### ABOUT THIS EXERCISE
Starting with the line below that holds "DECOS ตะกร้าพลาสติกล้อลาก รุ่น" and stopping after the line that holds "The Galaxy XCover", transcribe the lines exactly, leaving out all pictures.

[Dataset items]
──────────────────────────────

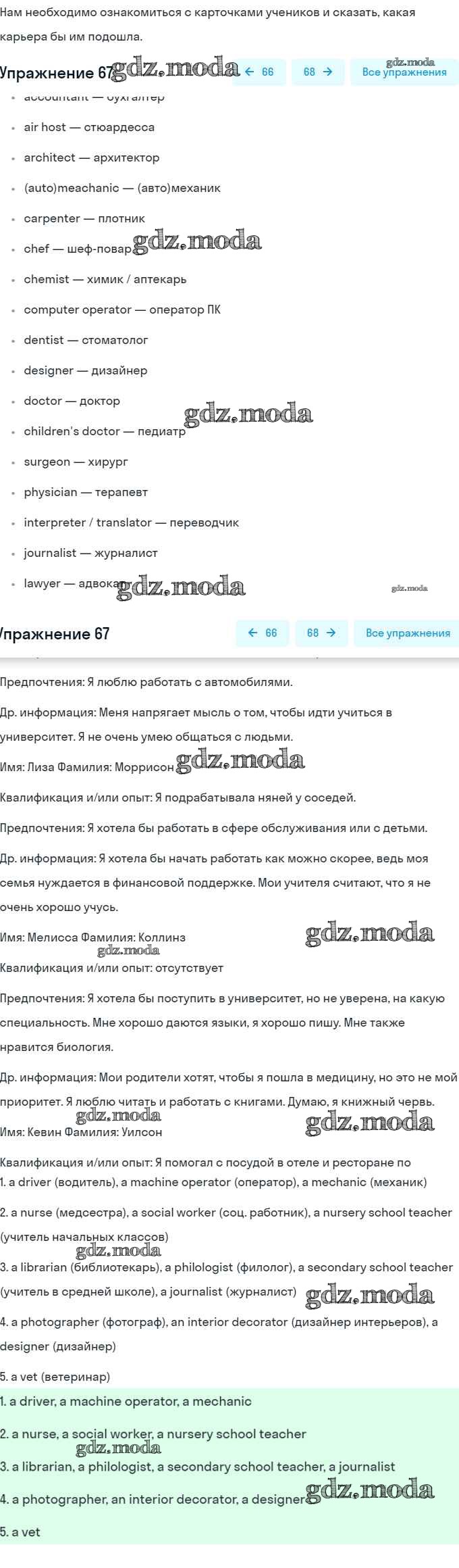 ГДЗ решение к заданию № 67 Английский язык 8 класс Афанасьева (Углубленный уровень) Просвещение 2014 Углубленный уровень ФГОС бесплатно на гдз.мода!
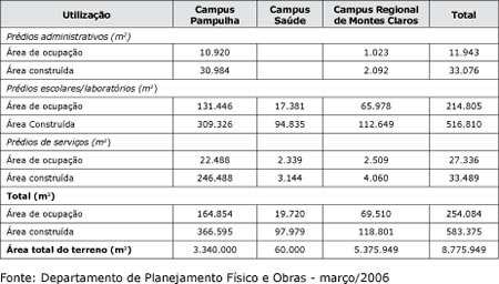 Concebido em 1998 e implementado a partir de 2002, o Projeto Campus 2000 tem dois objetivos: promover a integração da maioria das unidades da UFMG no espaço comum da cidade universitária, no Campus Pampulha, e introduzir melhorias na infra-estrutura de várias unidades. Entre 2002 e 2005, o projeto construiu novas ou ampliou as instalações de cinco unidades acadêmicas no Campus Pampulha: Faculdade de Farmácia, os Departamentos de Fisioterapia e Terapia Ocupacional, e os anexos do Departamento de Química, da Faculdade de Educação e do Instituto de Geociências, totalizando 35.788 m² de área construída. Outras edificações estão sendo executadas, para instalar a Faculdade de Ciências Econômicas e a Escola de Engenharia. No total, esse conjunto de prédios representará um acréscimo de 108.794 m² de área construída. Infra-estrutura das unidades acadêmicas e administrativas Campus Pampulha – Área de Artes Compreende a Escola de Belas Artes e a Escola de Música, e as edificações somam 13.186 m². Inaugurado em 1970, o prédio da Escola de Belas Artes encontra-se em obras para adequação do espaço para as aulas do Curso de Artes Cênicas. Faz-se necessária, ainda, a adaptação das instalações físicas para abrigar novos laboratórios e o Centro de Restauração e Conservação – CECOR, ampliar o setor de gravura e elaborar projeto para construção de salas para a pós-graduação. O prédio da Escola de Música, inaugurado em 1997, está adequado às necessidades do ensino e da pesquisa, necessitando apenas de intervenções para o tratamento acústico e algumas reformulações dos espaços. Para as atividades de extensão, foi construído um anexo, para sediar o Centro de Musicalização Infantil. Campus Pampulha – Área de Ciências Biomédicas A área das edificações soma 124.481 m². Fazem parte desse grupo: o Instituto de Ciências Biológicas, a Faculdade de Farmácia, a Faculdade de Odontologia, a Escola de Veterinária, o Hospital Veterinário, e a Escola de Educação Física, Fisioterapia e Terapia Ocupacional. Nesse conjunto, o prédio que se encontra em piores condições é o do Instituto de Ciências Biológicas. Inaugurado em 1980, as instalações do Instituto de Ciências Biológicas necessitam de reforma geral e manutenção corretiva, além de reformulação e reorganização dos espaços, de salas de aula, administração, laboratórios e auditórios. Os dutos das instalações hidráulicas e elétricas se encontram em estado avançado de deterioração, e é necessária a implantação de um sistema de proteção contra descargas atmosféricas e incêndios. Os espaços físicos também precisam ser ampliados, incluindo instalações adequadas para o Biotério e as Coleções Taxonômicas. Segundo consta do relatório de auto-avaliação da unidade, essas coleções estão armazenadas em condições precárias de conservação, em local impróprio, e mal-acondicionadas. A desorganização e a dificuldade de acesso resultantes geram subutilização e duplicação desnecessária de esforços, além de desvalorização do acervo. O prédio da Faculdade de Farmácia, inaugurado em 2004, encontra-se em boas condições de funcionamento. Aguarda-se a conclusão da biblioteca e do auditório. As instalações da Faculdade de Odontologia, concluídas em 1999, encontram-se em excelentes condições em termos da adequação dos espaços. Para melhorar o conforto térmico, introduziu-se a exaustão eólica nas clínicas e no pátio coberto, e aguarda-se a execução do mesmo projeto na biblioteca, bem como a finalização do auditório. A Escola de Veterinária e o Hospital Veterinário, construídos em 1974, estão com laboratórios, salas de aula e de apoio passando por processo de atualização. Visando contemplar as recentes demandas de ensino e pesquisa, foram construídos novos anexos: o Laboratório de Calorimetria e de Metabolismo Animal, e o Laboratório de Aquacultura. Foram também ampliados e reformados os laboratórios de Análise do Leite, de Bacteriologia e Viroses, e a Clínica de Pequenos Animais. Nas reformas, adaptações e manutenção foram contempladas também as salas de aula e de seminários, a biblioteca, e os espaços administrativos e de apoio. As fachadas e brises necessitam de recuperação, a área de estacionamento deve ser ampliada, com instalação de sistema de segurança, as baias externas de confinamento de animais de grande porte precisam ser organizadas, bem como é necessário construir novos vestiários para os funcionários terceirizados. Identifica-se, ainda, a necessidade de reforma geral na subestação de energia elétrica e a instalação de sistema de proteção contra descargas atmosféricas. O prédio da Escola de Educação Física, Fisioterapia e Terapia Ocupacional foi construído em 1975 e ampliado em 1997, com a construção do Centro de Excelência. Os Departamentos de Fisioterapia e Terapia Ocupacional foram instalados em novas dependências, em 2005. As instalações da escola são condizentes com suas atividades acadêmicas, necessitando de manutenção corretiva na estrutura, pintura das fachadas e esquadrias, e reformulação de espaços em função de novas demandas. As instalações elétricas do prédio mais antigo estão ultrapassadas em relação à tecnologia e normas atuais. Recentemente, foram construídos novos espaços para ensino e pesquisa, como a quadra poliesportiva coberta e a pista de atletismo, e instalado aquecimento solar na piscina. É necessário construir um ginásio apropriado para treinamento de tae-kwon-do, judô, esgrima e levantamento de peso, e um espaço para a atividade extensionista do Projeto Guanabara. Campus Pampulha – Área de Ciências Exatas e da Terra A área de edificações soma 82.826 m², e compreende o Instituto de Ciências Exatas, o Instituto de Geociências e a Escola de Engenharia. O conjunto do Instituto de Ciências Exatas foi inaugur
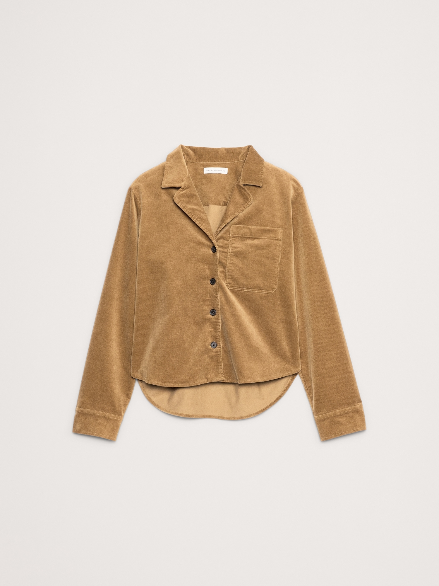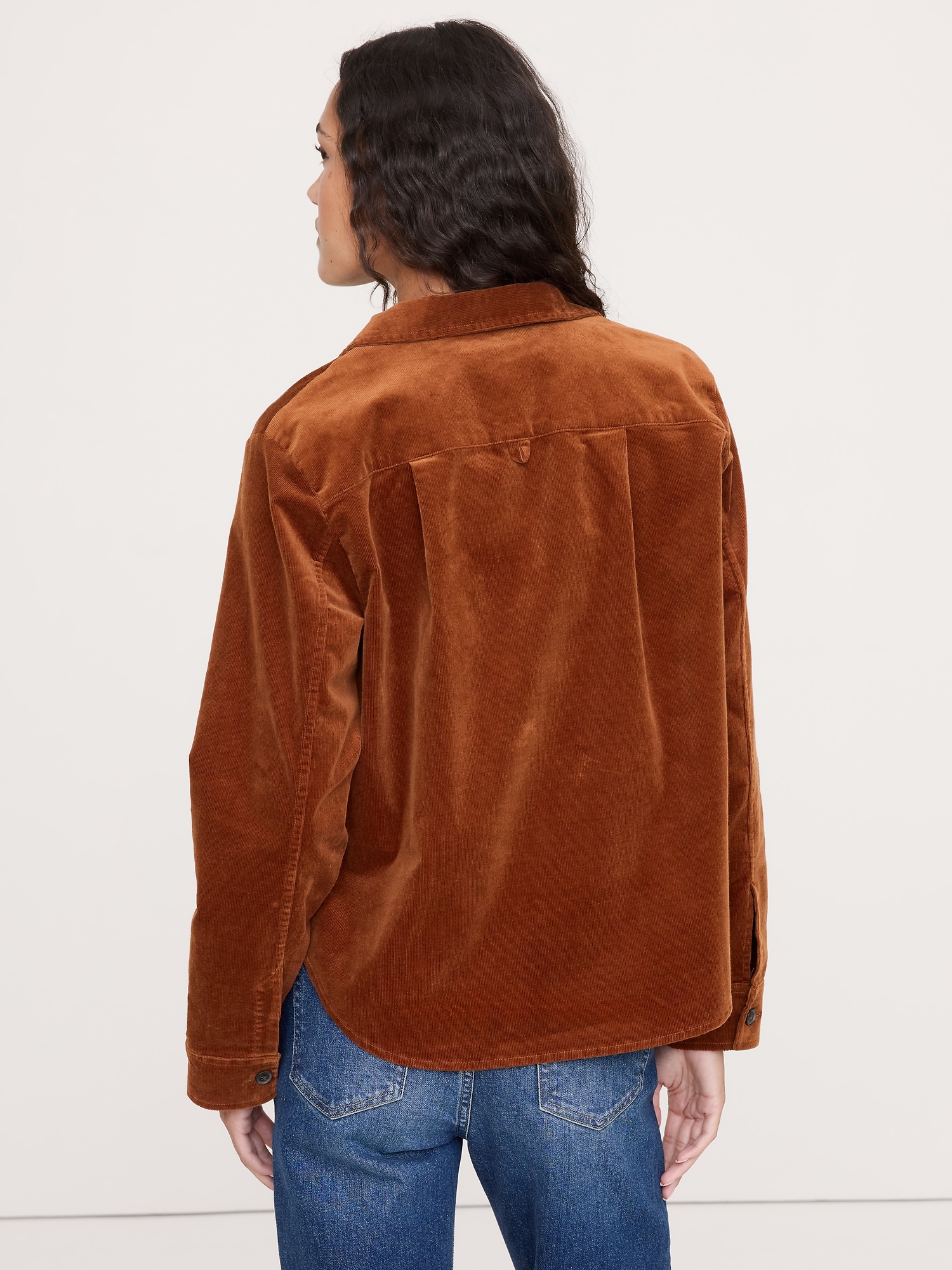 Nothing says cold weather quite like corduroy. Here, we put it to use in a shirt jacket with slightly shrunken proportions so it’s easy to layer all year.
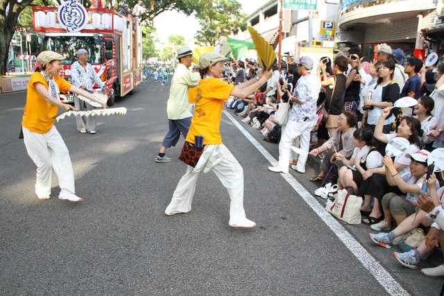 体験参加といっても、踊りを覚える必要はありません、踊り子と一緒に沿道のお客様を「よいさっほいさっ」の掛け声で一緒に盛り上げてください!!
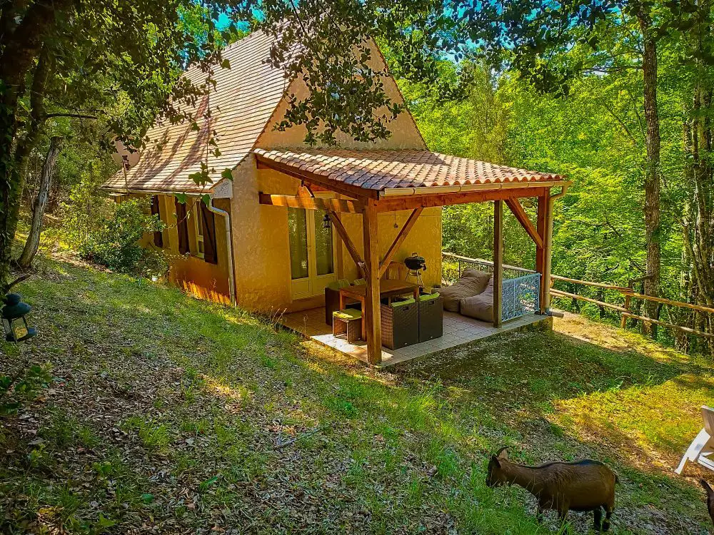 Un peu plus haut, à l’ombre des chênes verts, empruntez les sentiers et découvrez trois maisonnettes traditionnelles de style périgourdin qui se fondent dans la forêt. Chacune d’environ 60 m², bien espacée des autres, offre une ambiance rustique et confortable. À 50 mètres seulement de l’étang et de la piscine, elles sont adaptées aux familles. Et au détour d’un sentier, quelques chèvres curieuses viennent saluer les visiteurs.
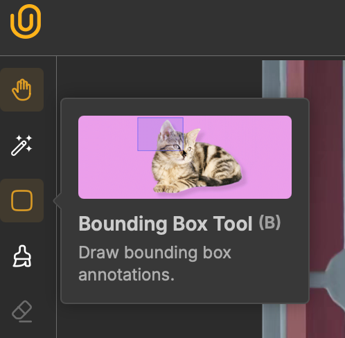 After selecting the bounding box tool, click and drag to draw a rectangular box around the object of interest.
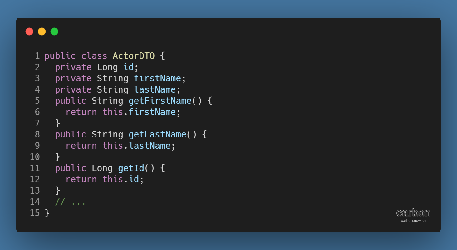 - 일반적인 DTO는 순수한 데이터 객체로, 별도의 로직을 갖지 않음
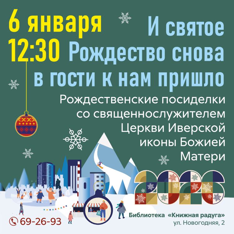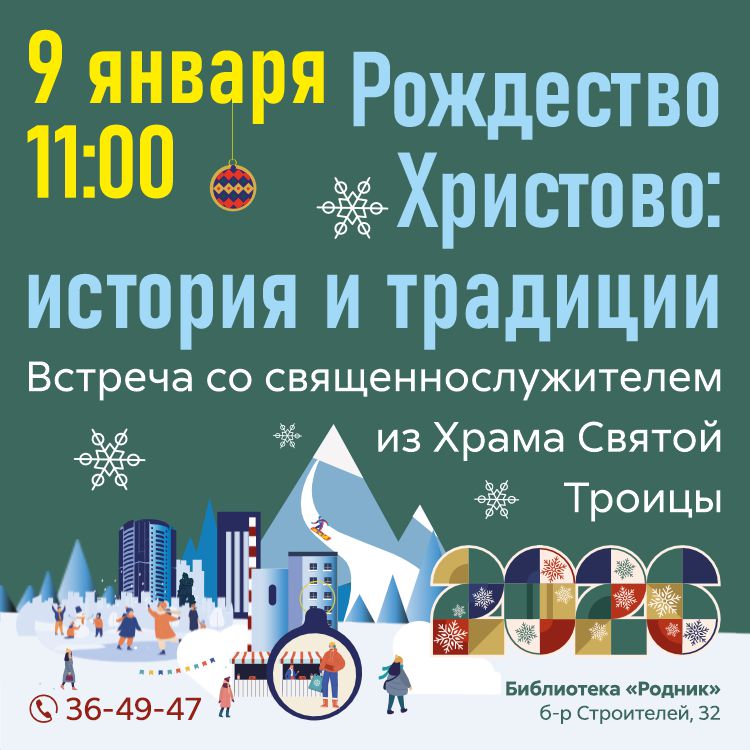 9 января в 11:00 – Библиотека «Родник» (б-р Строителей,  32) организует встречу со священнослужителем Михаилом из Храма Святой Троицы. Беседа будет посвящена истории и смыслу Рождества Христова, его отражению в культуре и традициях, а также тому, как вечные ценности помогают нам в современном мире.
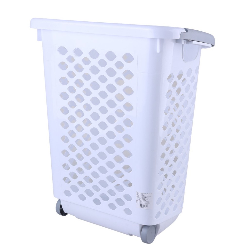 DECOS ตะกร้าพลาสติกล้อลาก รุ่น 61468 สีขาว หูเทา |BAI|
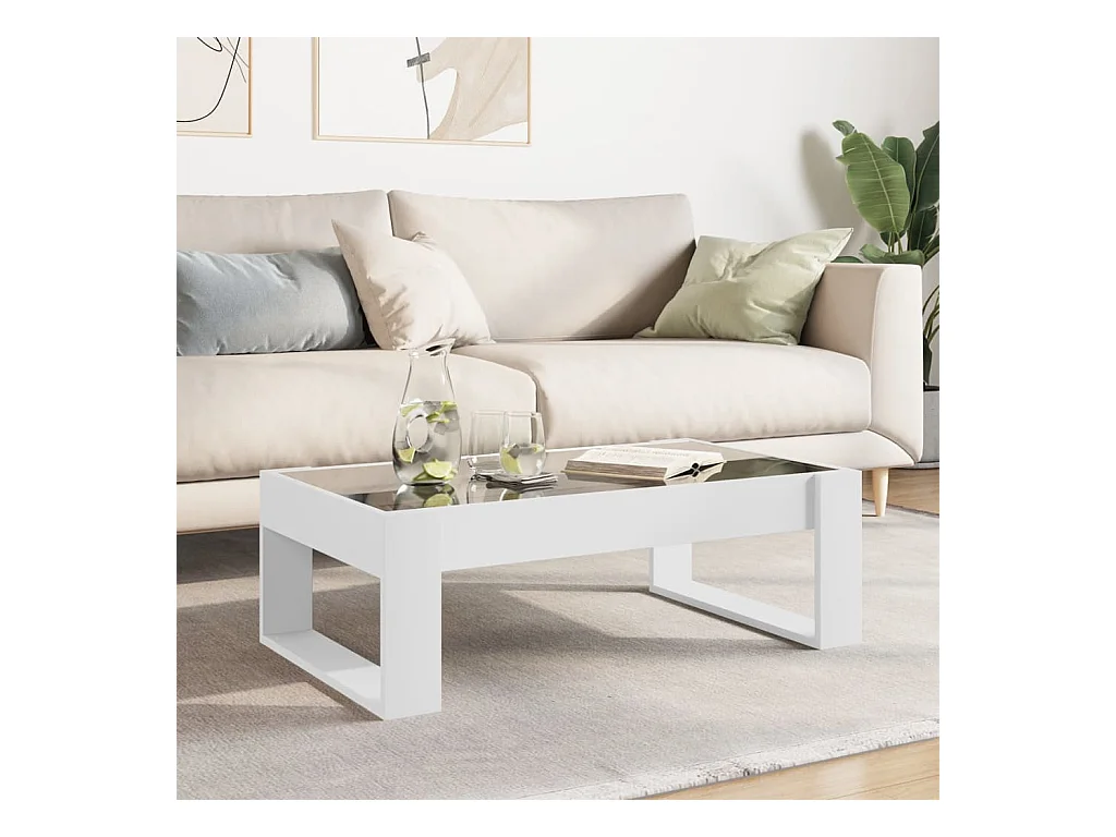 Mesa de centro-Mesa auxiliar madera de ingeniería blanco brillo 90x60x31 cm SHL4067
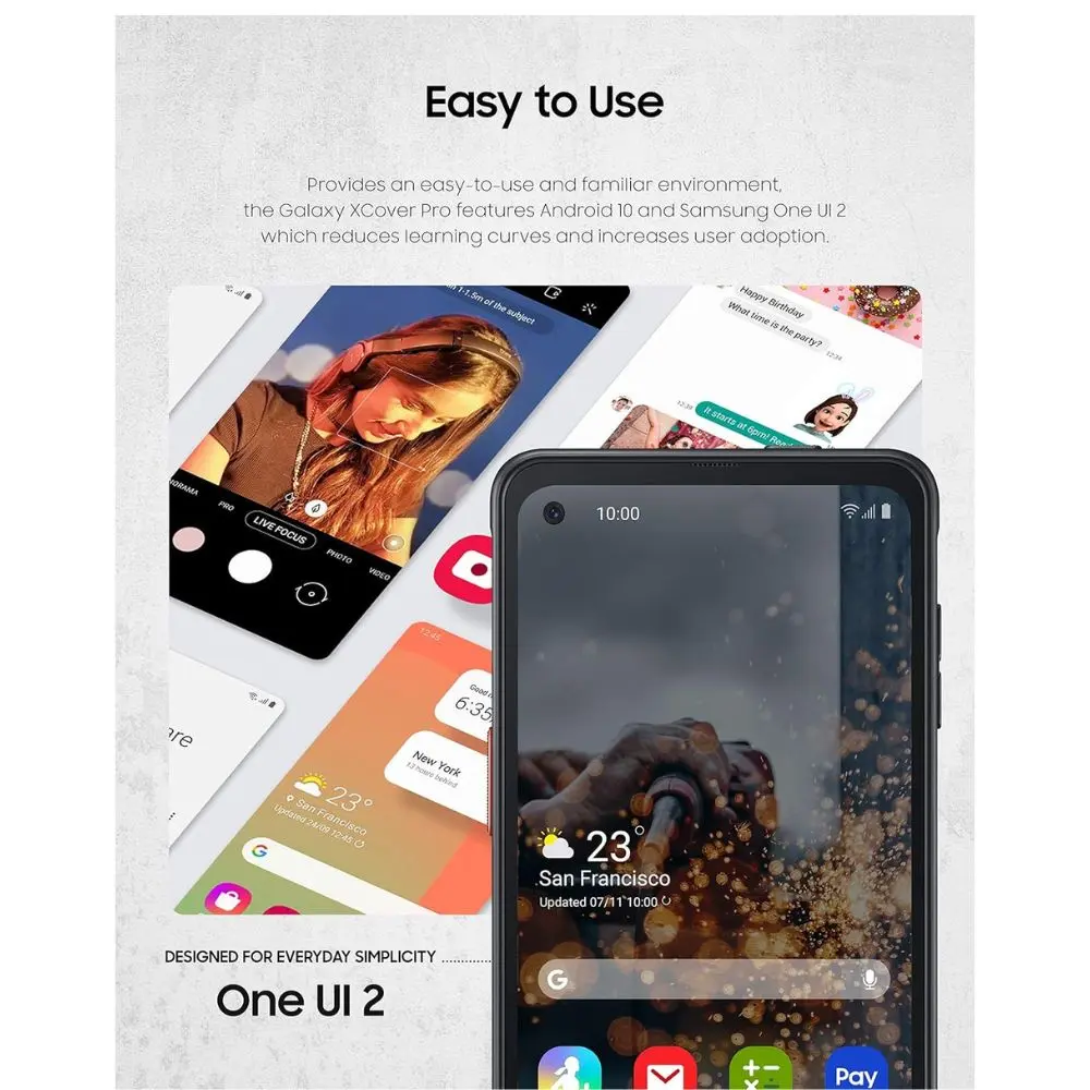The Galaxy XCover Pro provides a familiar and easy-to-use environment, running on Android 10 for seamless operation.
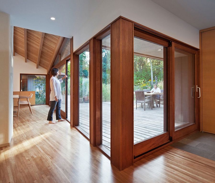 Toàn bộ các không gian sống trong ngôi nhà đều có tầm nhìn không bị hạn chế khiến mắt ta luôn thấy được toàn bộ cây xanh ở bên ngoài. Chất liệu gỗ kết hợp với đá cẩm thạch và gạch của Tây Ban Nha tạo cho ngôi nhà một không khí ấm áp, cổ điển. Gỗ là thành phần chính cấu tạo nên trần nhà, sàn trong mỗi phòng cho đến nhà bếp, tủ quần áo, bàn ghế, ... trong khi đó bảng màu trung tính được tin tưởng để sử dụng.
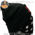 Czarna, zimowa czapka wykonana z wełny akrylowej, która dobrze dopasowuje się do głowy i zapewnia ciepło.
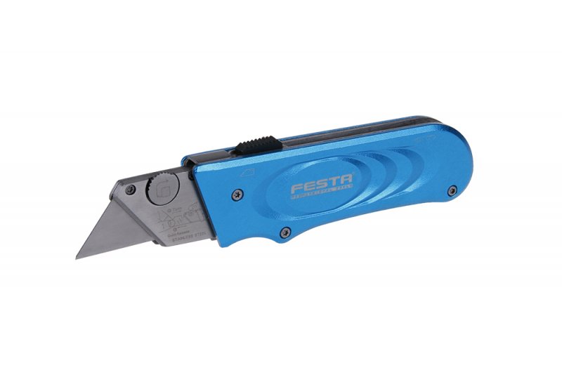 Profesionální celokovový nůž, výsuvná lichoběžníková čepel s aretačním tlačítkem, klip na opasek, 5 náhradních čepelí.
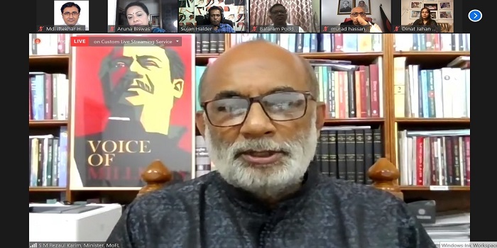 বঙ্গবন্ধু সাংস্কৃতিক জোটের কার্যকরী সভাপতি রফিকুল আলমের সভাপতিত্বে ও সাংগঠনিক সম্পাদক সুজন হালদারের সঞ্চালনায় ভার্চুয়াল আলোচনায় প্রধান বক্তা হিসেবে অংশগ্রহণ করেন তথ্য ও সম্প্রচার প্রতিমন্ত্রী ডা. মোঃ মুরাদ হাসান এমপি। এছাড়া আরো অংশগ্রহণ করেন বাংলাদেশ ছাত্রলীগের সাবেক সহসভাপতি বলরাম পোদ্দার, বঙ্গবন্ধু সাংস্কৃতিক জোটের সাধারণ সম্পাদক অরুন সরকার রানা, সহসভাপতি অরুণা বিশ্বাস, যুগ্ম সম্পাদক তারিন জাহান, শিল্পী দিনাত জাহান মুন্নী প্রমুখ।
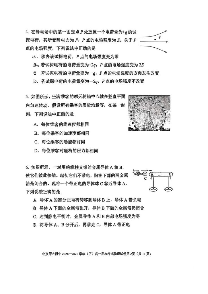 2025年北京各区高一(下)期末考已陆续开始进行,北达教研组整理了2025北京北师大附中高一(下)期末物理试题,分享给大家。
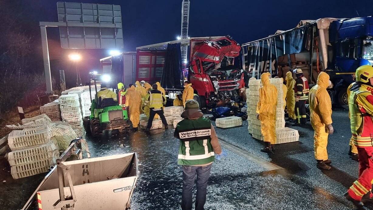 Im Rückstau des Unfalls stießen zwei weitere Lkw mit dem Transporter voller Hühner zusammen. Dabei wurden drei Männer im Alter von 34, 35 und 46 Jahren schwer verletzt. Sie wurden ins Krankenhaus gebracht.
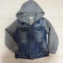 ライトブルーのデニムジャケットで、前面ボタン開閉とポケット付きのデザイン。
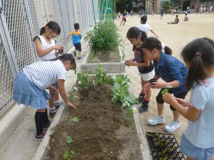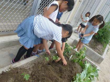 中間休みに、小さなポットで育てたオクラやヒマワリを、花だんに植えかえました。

──────────────────────────────

### RESPONSE TO THIS TASK
 DECOS ตะกร้าพลาสติกล้อลาก รุ่น 61468 สีขาว หูเทา |BAI|
 Mesa de centro-Mesa auxiliar madera de ingeniería blanco brillo 90x60x31 cm SHL4067
The Galaxy XCover Pro provides a familiar and easy-to-use environment, running on Android 10 for seamless operation.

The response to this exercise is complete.